Determining Majority in Networks with Local Interactions and very Small Local Memory

TL;DR

This paper investigates the problem of determining the initial majority in networks with limited local memory and interactions, presenting an optimal 4-state protocol and analyzing a 3-state protocol's performance across various graph structures.

Contribution

The authors introduce a 4-state population protocol that always correctly computes the initial majority and prove its optimality, while also analyzing the limitations of a 3-state protocol on arbitrary graphs.

Findings

The 4-state protocol is optimal for majority determination in population protocols.

The 3-state protocol performs well on cliques but can fail on certain arbitrary graphs.

The paper demonstrates cases where the 3-state protocol takes exponential time to converge.

Abstract

We study here the problem of determining the majority type in an arbitrary connected network, each vertex of which has initially two possible types.
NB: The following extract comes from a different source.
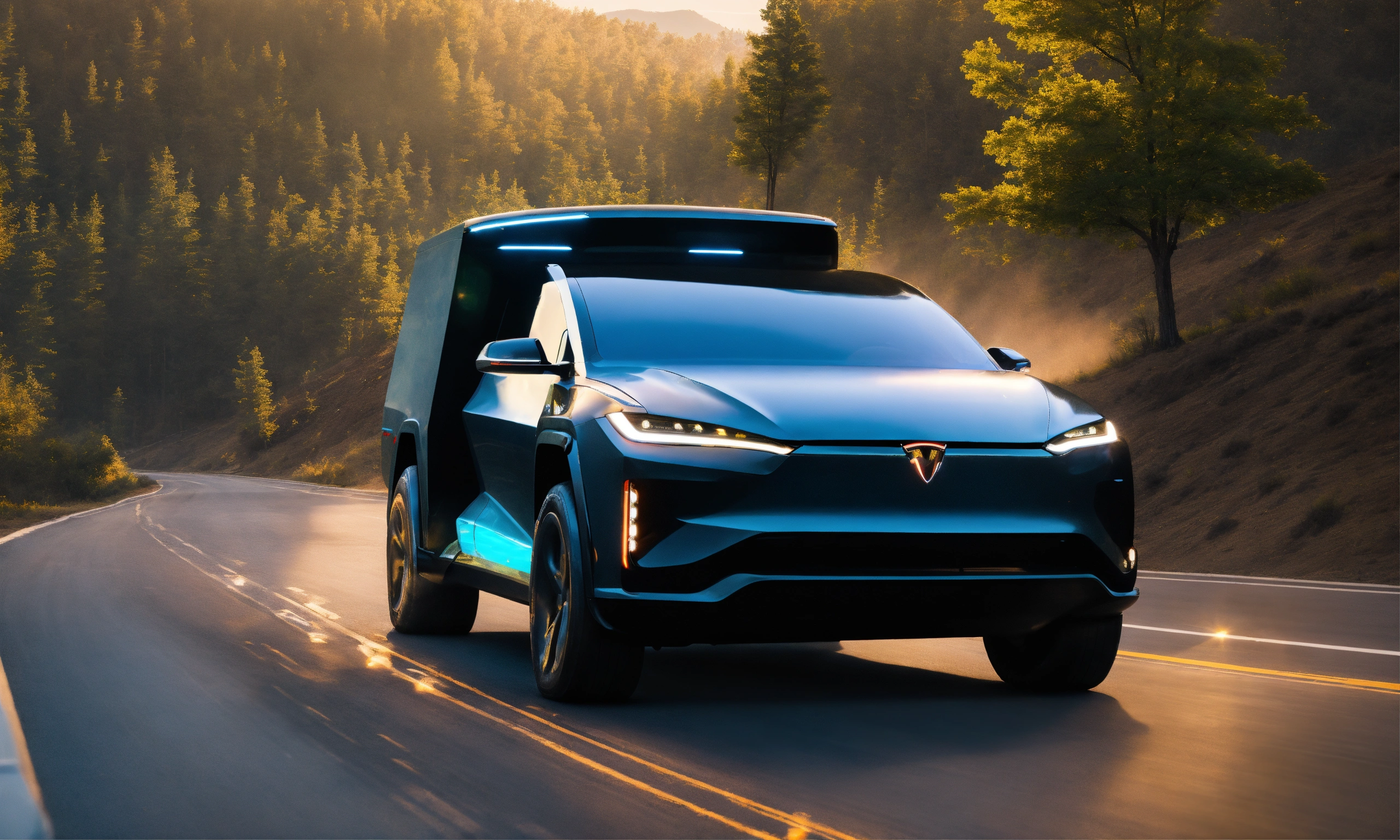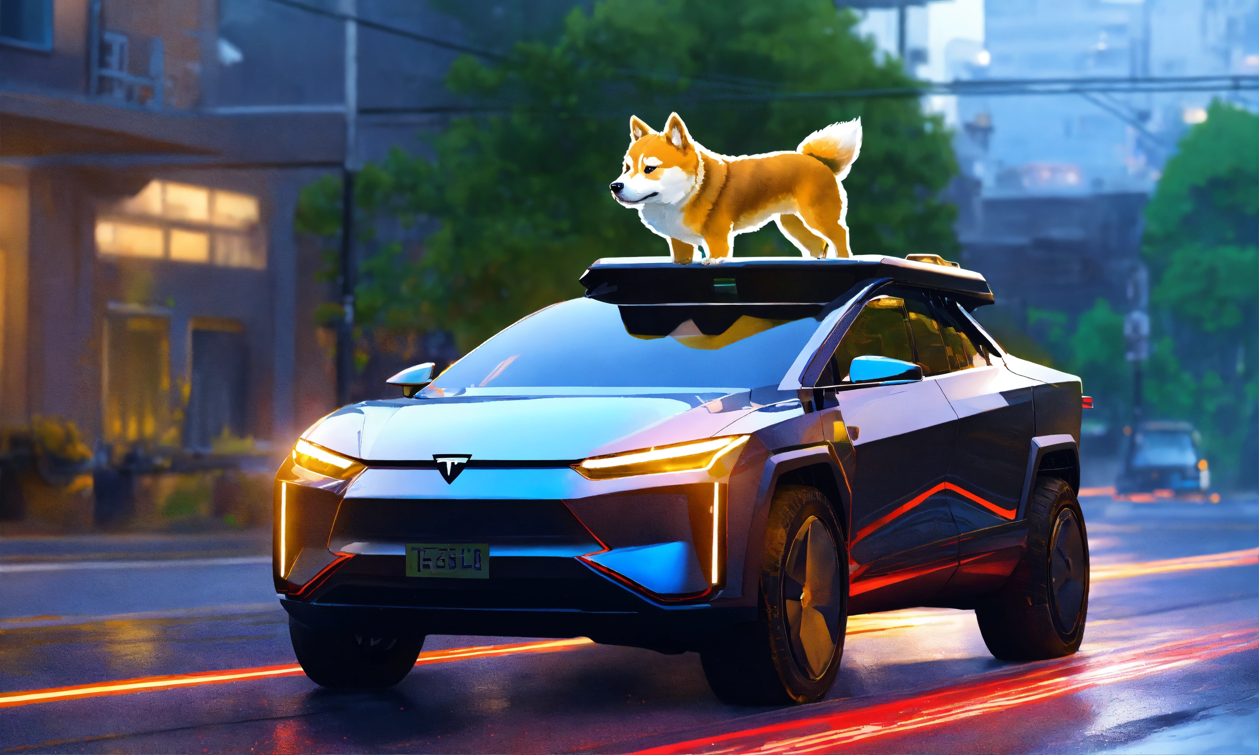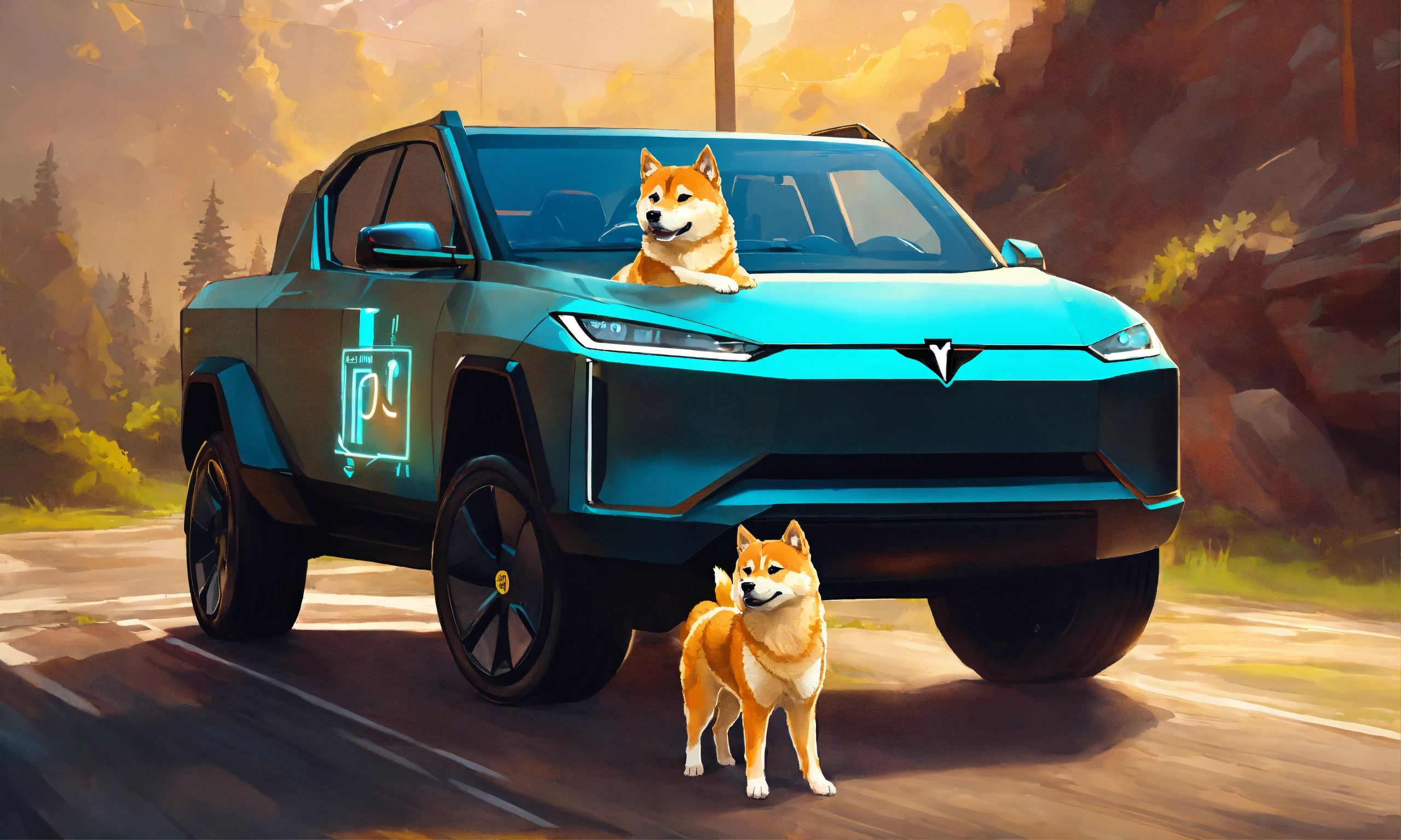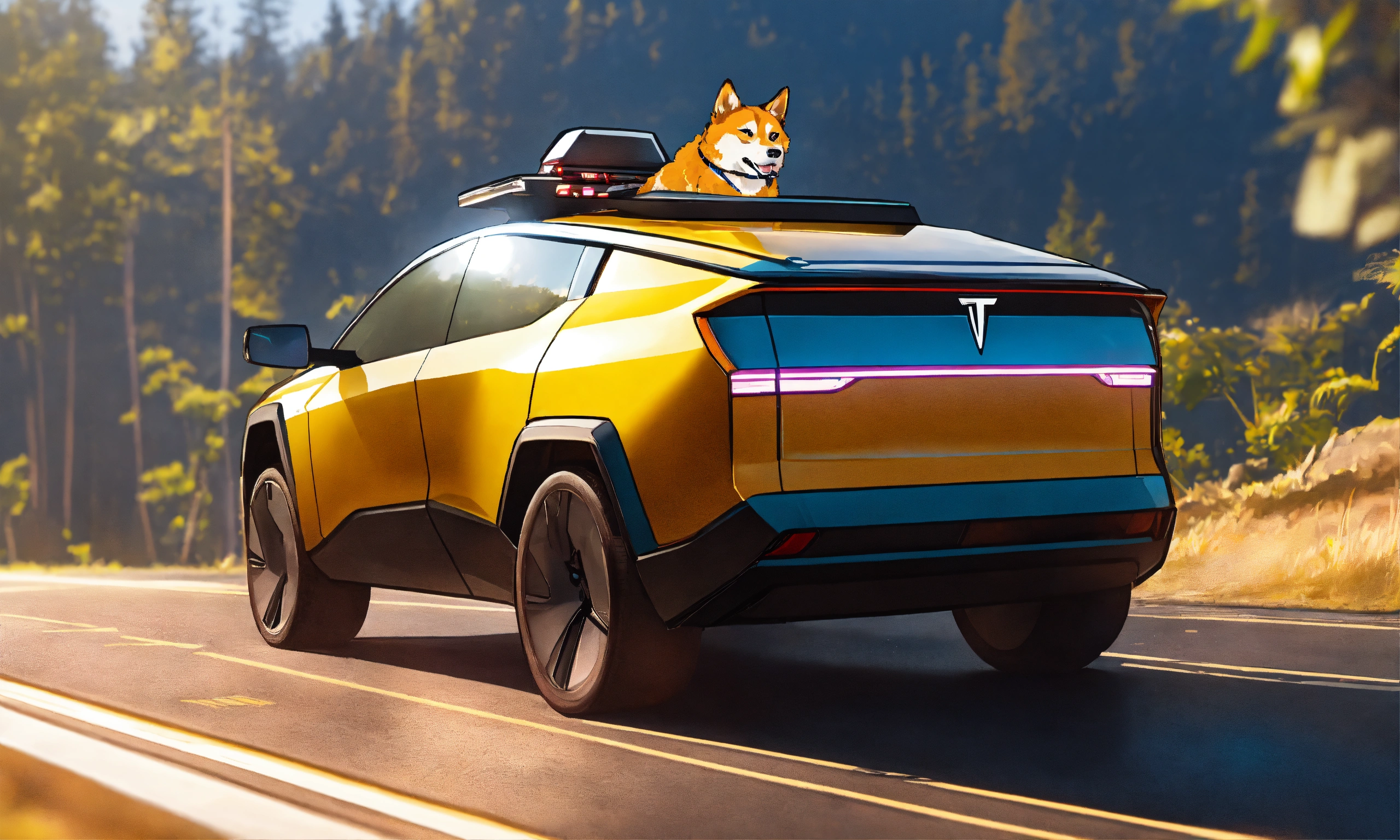 A shiba inu from the dogecoin cryptocurrency driving a tesla cybertruck, include dogecoin crypto logo on the tesla cybertruck

The vertices may have a few additional possible states and can interact in pairs only if they share an edge. Any (population) protocol is required to stabilize in the initial majority. We first present and analyze a protocol with 4 states per vertex that always computes the initial majority value, under any fair scheduler. As we prove, this protocol is optimal, in the sense that there is no population protocol that always computes majority with fewer than 4 states per vertex. However this does not rule out the existence of a protocol with 3 states per vertex that is correct with high probability. To this end, we examine a very natural majority protocol with 3 states per vertex, introduced in [Angluin et al. 2008] where its performance has been analyzed for the clique graph. We study the performance of this protocol in arbitrary networks. We prove that, when the two initial states are put uniformly at random on the vertices, this protocol converges to the initial majority with probability higher than the probability of converging to the initial minority. In contrast, we present an infinite family of graphs, on which the protocol can fail whp, even when the difference between the initial majority and the initial minority is $n - \Theta(\ln{n})$. We also present another infinite family of graphs in which the protocol of Angluin et al. takes an expected exponential time to converge. These two negative results build upon a very positive result concerning the robustness of the protocol on the clique. Surprisingly, the resistance of the clique to failure causes the failure in general graphs. Our techniques use new domination and coupling arguments for suitably defined processes whose dynamics capture the antagonism between the states involved.